Description of the task
Under this line sits a listing. Repeat exactly and only its lines from the one holding "Tommy Jackson often" through the one holding "被动力士斗志也是他的绝技,此"; skip pictures.

Data extracts

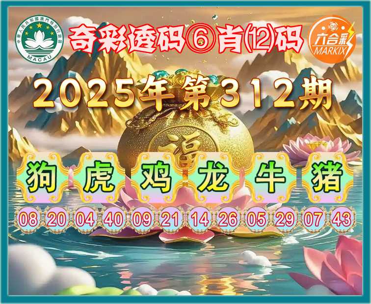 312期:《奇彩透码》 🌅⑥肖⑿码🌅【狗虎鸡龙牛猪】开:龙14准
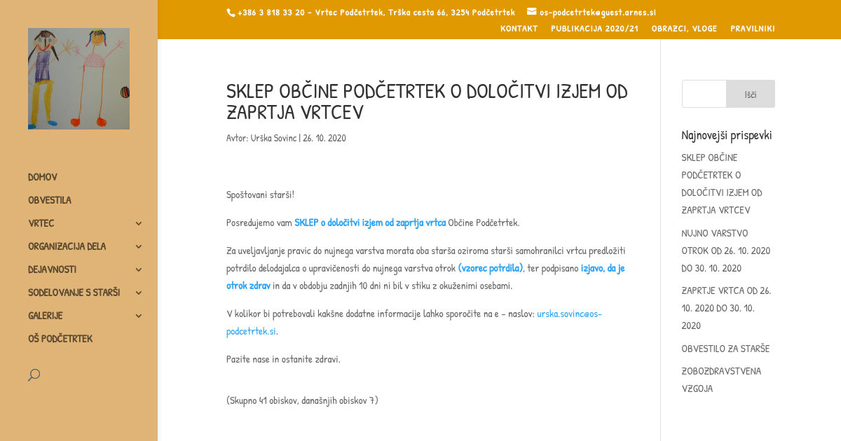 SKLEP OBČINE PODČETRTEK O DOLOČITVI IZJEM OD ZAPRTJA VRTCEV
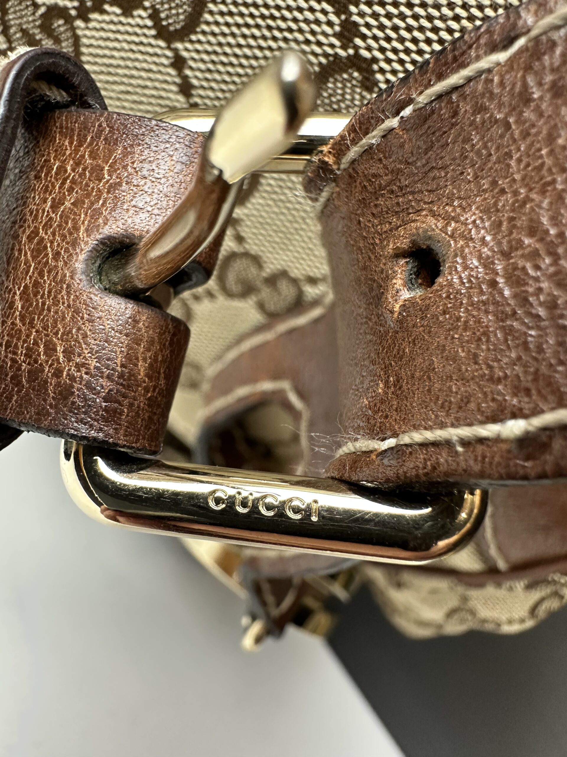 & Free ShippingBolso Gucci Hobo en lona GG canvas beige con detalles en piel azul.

==

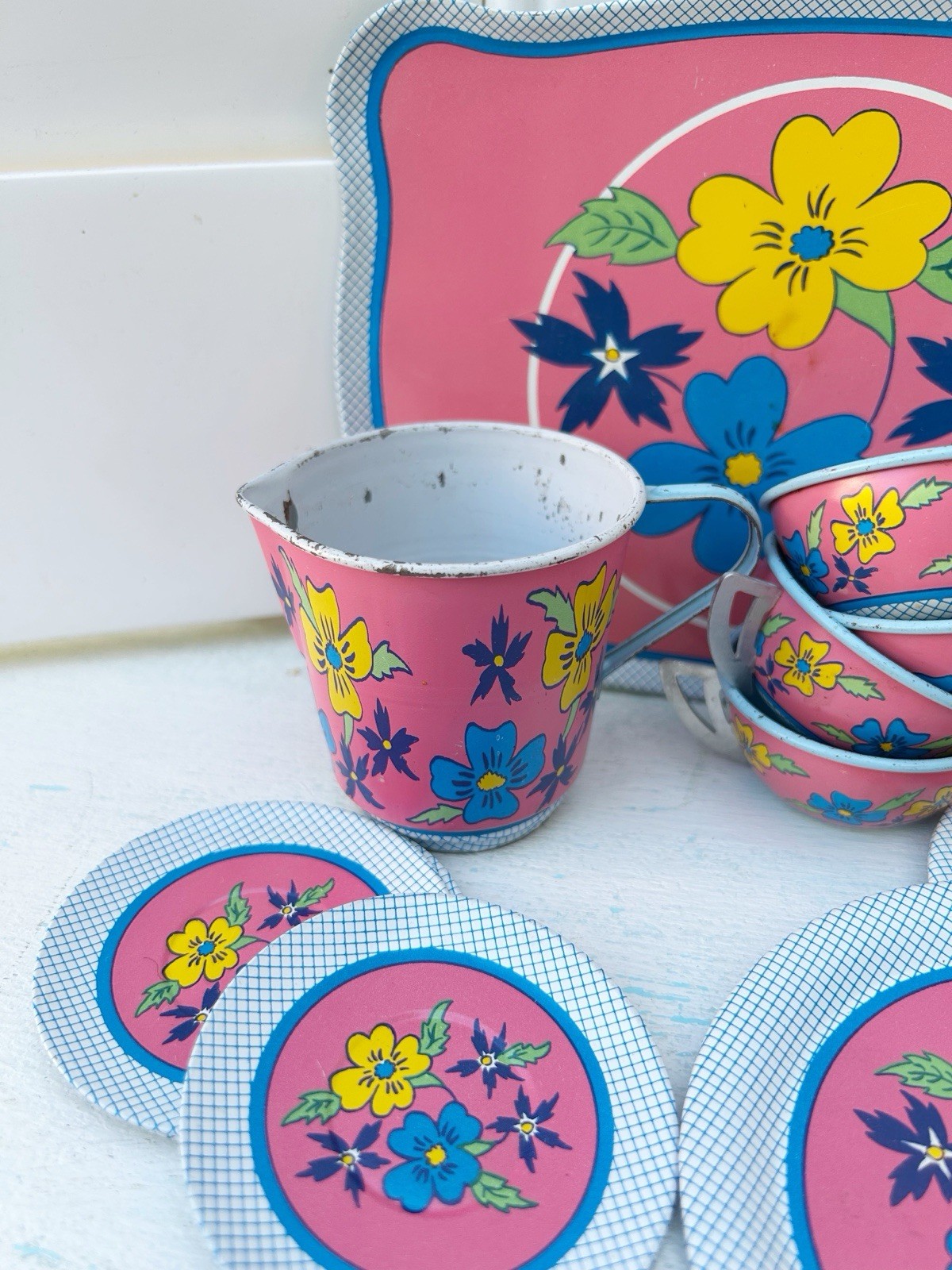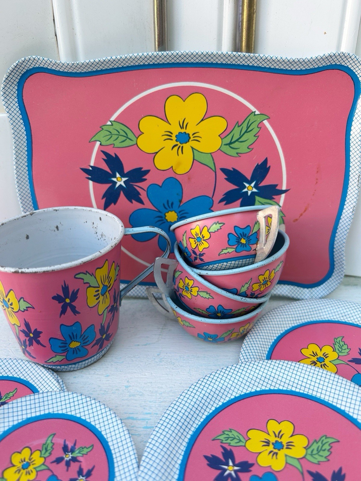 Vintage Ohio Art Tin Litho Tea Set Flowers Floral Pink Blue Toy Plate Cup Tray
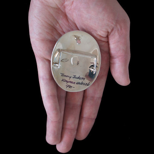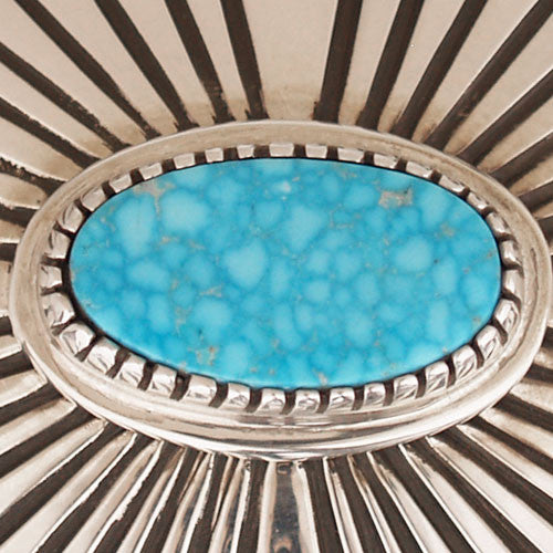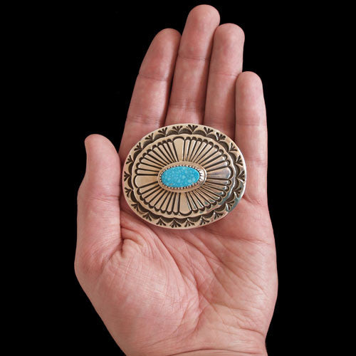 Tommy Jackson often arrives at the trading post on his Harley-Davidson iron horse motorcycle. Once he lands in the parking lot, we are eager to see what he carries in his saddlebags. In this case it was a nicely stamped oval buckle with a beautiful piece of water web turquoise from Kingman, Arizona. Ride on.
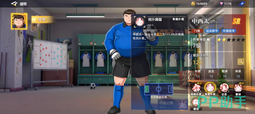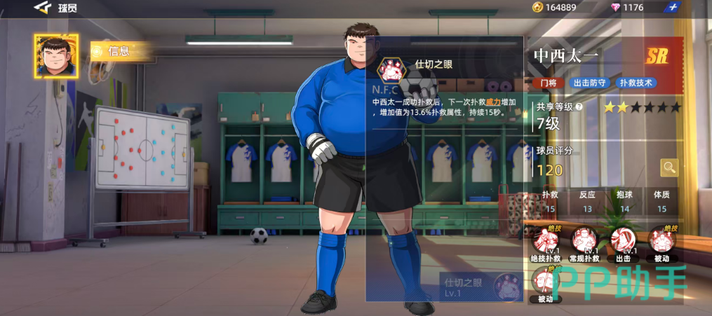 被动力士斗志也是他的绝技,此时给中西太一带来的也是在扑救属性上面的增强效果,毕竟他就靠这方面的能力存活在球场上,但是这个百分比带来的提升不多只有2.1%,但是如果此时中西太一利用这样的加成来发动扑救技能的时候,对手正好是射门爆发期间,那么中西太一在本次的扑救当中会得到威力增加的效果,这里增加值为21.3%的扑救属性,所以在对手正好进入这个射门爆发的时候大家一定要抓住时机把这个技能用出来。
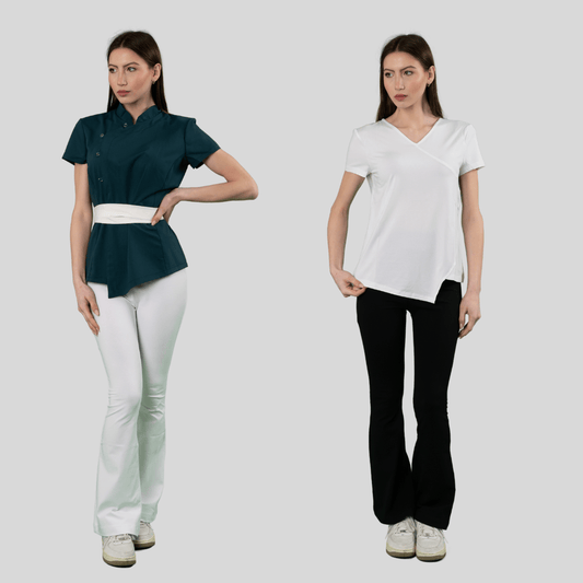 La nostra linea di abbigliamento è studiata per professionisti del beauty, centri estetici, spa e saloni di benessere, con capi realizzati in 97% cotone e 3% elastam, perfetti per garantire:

* * *

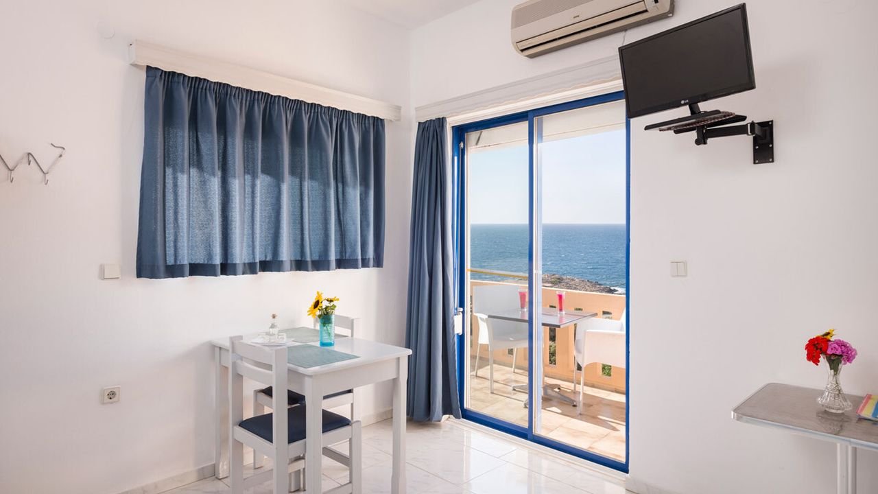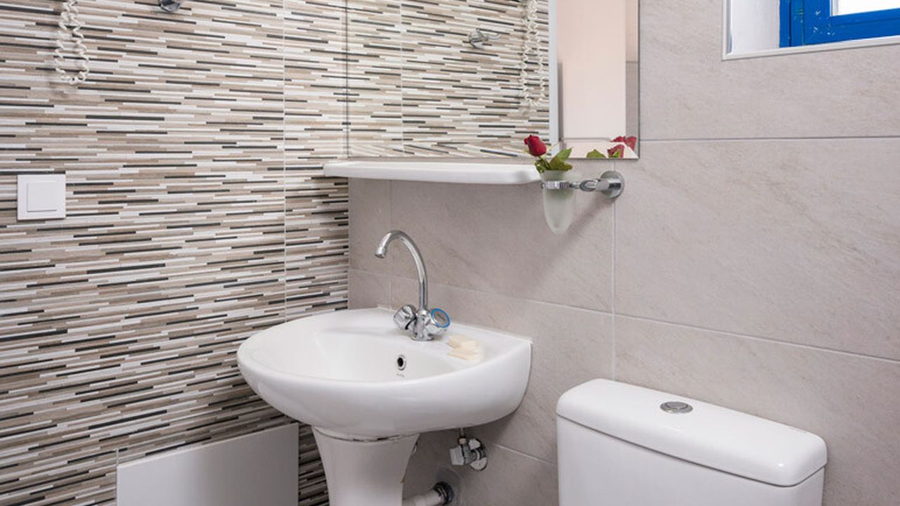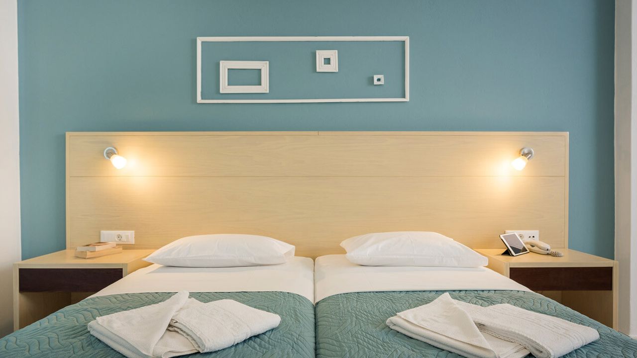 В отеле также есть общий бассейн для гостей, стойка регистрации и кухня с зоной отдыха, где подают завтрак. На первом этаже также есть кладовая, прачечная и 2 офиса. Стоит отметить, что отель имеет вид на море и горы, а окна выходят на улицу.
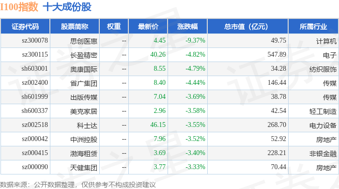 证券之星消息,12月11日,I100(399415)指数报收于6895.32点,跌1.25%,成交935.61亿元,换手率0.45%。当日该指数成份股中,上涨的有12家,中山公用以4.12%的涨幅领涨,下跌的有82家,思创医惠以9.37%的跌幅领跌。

Response to the task
 Tommy Jackson often arrives at the trading post on his Harley-Davidson iron horse motorcycle. Once he lands in the parking lot, we are eager to see what he carries in his saddlebags. In this case it was a nicely stamped oval buckle with a beautiful piece of water web turquoise from Kingman, Arizona. Ride on.
 被动力士斗志也是他的绝技,此时给中西太一带来的也是在扑救属性上面的增强效果,毕竟他就靠这方面的能力存活在球场上,但是这个百分比带来的提升不多只有2.1%,但是如果此时中西太一利用这样的加成来发动扑救技能的时候,对手正好是射门爆发期间,那么中西太一在本次的扑救当中会得到威力增加的效果,这里增加值为21.3%的扑救属性,所以在对手正好进入这个射门爆发的时候大家一定要抓住时机把这个技能用出来。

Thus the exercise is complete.